How can you map the memory usage of your .NET application? We’ll start with VMMap, a free Sysinternals tool that visualizes your process’ virtual address space. Below is VMMap’s output for an example process:
The type statistics give you a detailed overview of how memory usage is distributed – there are 240MB of DLLs, 50MB of managed heaps (of which only 10MB are committed), etc. In the bottom details view you can see each individual address range on the heap, including its type, size, committed size, and other details (such as DLL names for the "Image" type and file names for the "Mapped File" type).
Within the GC heap, VMMap features the ability to identify the various generations (and the Large Object Heap) within the GC segments:
In the VMMap output above, there are 1,916KB of "Unusable" memory—what’s wrong with it? Even though the VMMap documentation doesn’t say so clearly, "Unusable" memory regions are address ranges that cannot be allocated because of VirtualAlloc’s 64KB start address granularity guarantee (see the history of this decision).
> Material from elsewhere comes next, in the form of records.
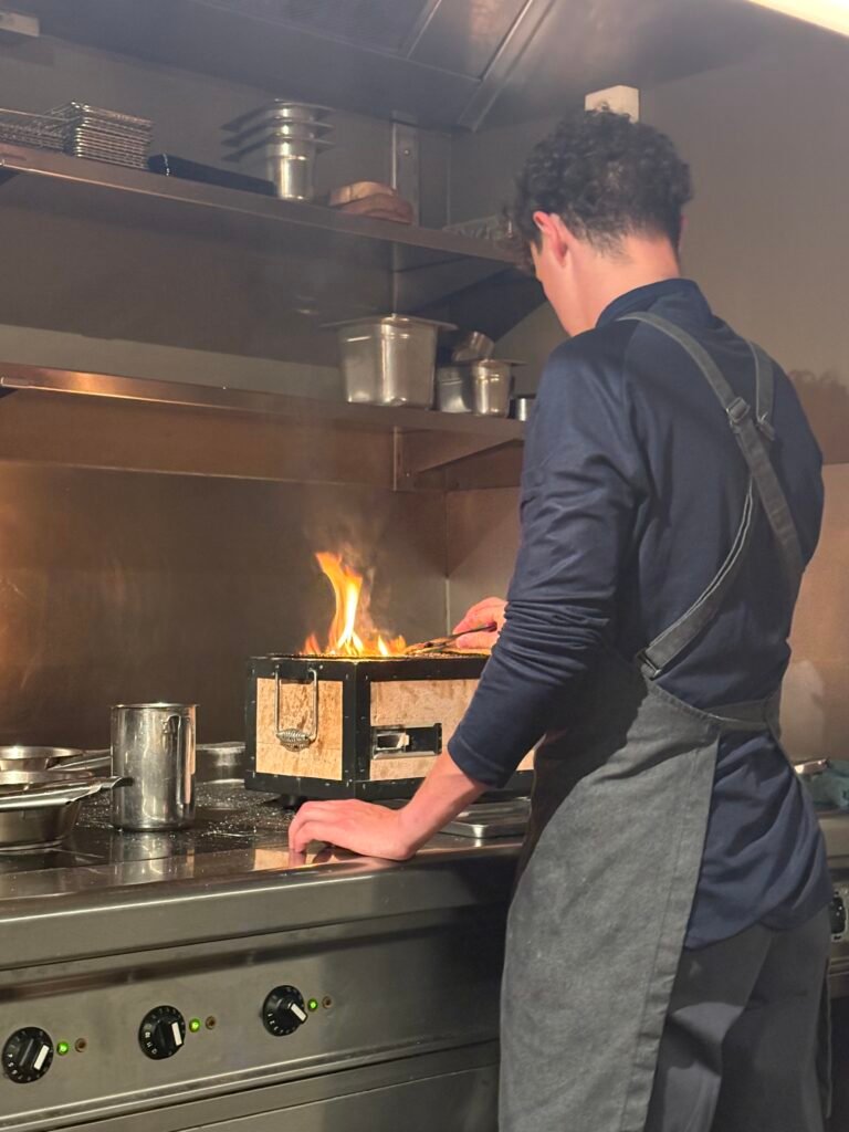 Trois coups retentissent, le rideau s’ouvre, et l’émotion s’installe — immédiate, délicate, profonde. Le rituel démarre avec une coupe de champagne ou une boisson non-alcoolisée. Devant vous : deux cuisiniers et un maître de cérémonie qui présente l’expérience. Jayu déroule alors son récit : douze services, deux heures, un entracte, un voyage.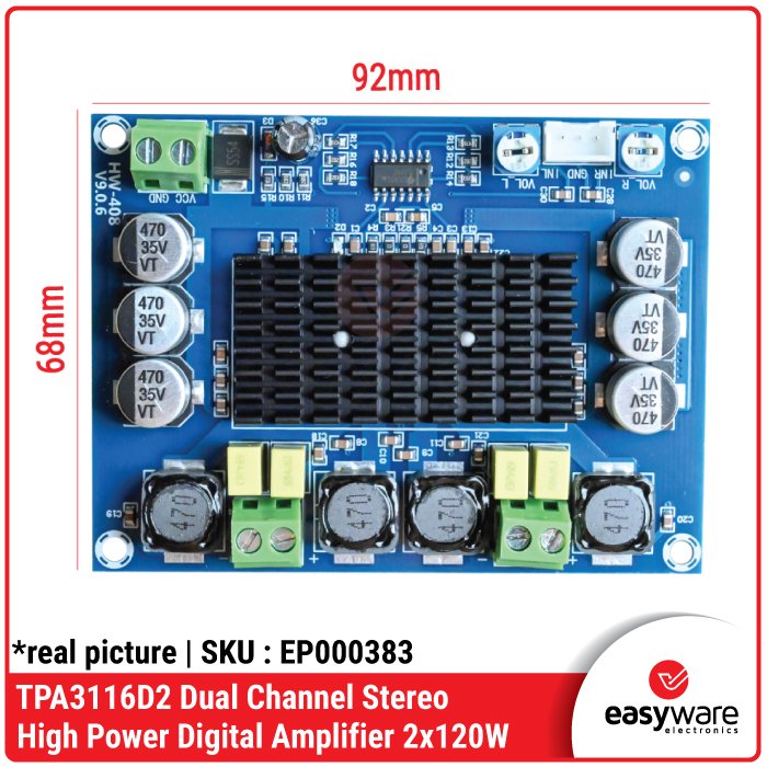 Lagi ingin membangun sistem audio yang punya tenaga besar dan sanggup menggetarkan ruangan? Kalau modul TPA3110 (30W) dirasa masih kurang, ini dia “kakak” besarnya: TPA3116D2 Dual Channel Stereo High Power Digital Amplifier 2x120W! Amplifier Class-D ini adalah salah satu yang paling bertenaga di kelasnya, siap memberikan performa audio tingkat tinggi dengan efisiensi yang luar biasa. 🚀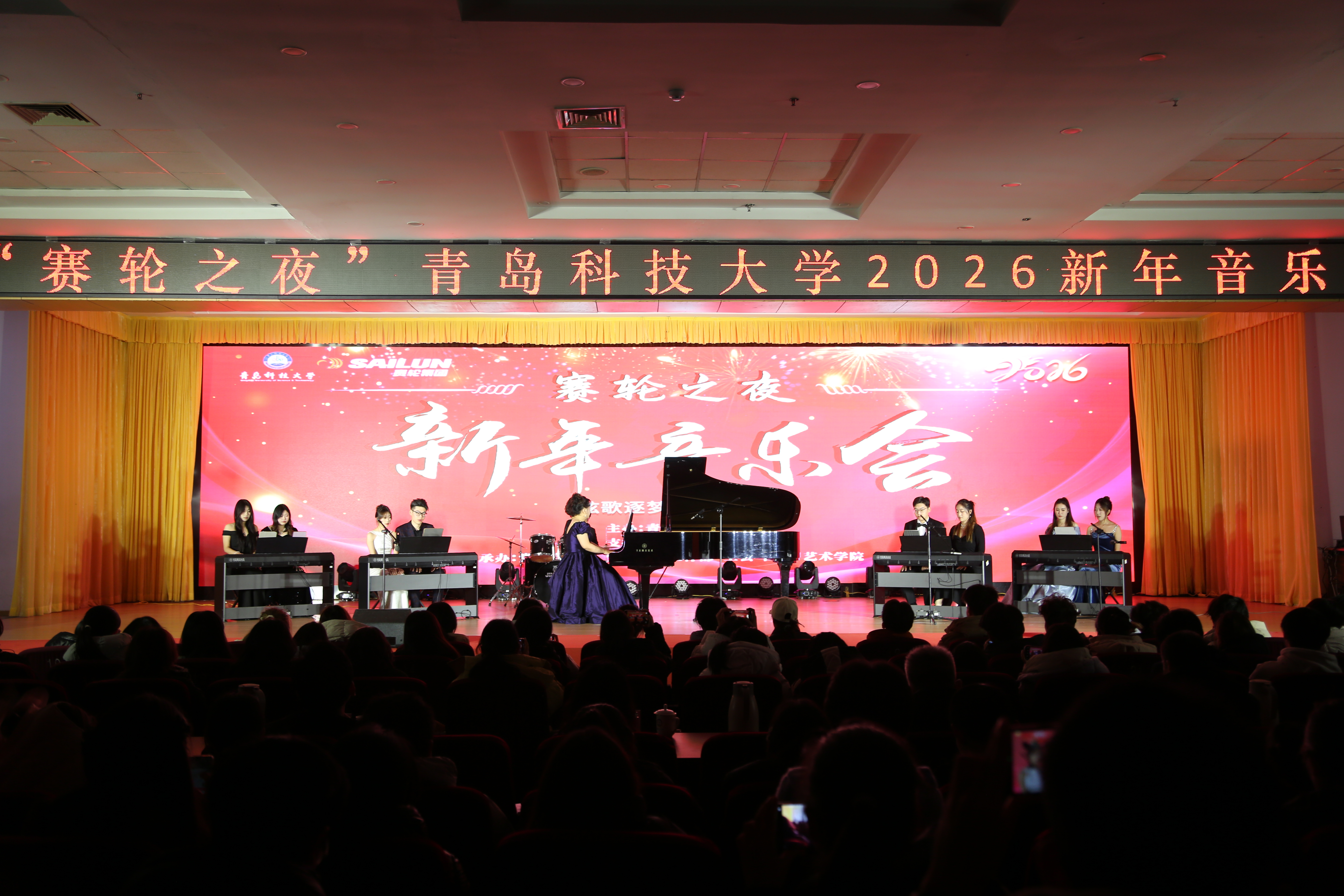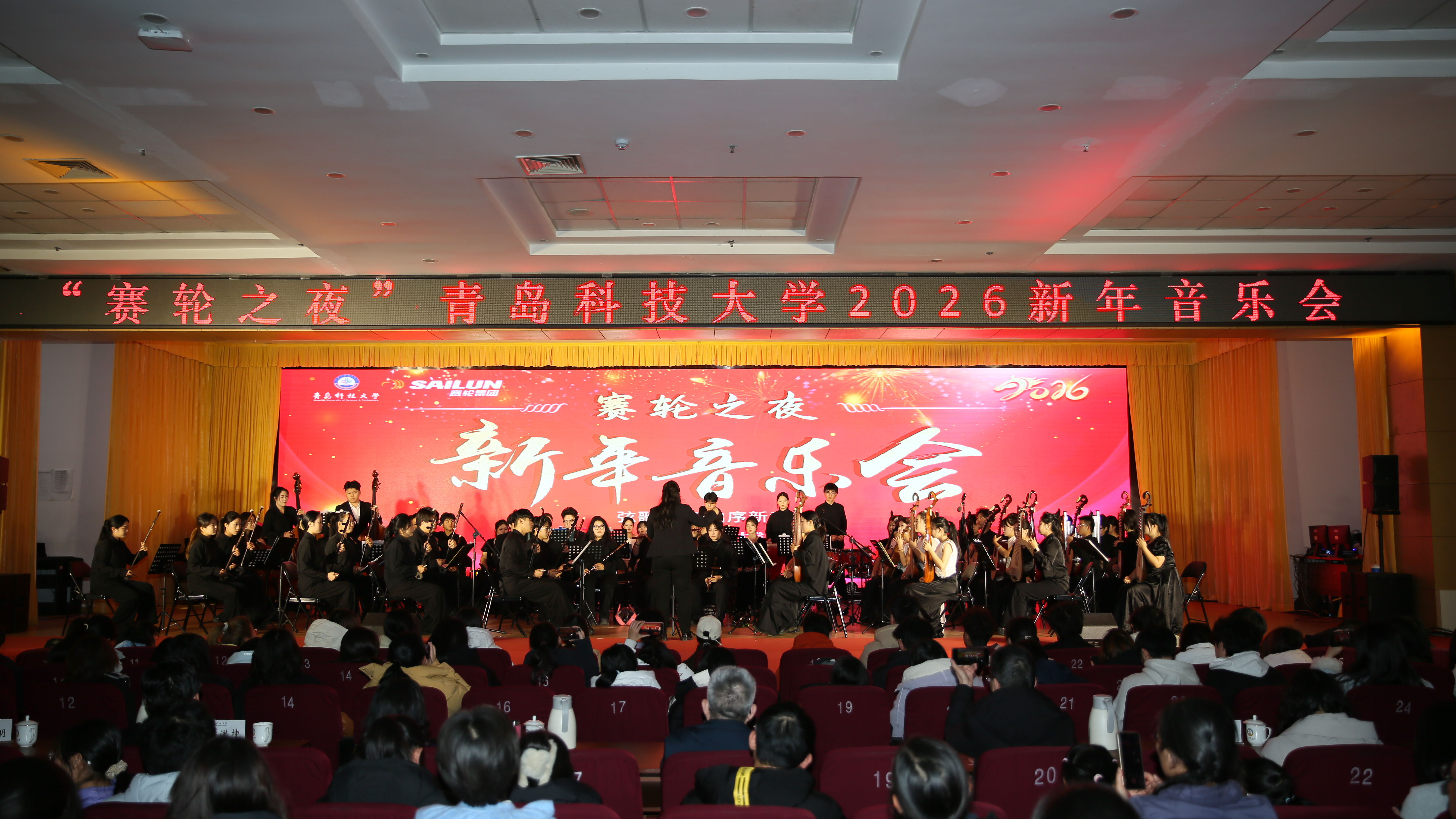 弦歌逐梦,启序新章。12月26日晚,由赛轮集团大力支持的“赛轮之夜”太阳成集团tyc33455cc官网2026新年音乐会在崂山校区第二报告厅奏响。学校党委领导班子成员杨天梅、沈文青、吕万翔、张洪坤、秦姣以及相关部门负责人与700余名师生代表欢聚一堂,喜迎新年。各校区师生、海内外校友及社会各界同仁近30万人次通过线上直播同步赏听,以激昂旋律回望“十四五”辉煌征程,以深情乐声迎接“十五五”崭新开局,在美育浸润中凝聚奋进力量。

Finally, for 32-bit processes, VMMap features a “Fragmentation View” in which you can see a visual representation of your memory space and zoom in on fragmented regions:
Note that virtual memory fragmentation is a real PITA for 32-bit managed processes. We’re not talking about internal fragmentation due to pinning – we’re talking about external fragmentation between GC segments; Maoni’s blog post What’s New in CLR 2.0 GC explains both phenomena.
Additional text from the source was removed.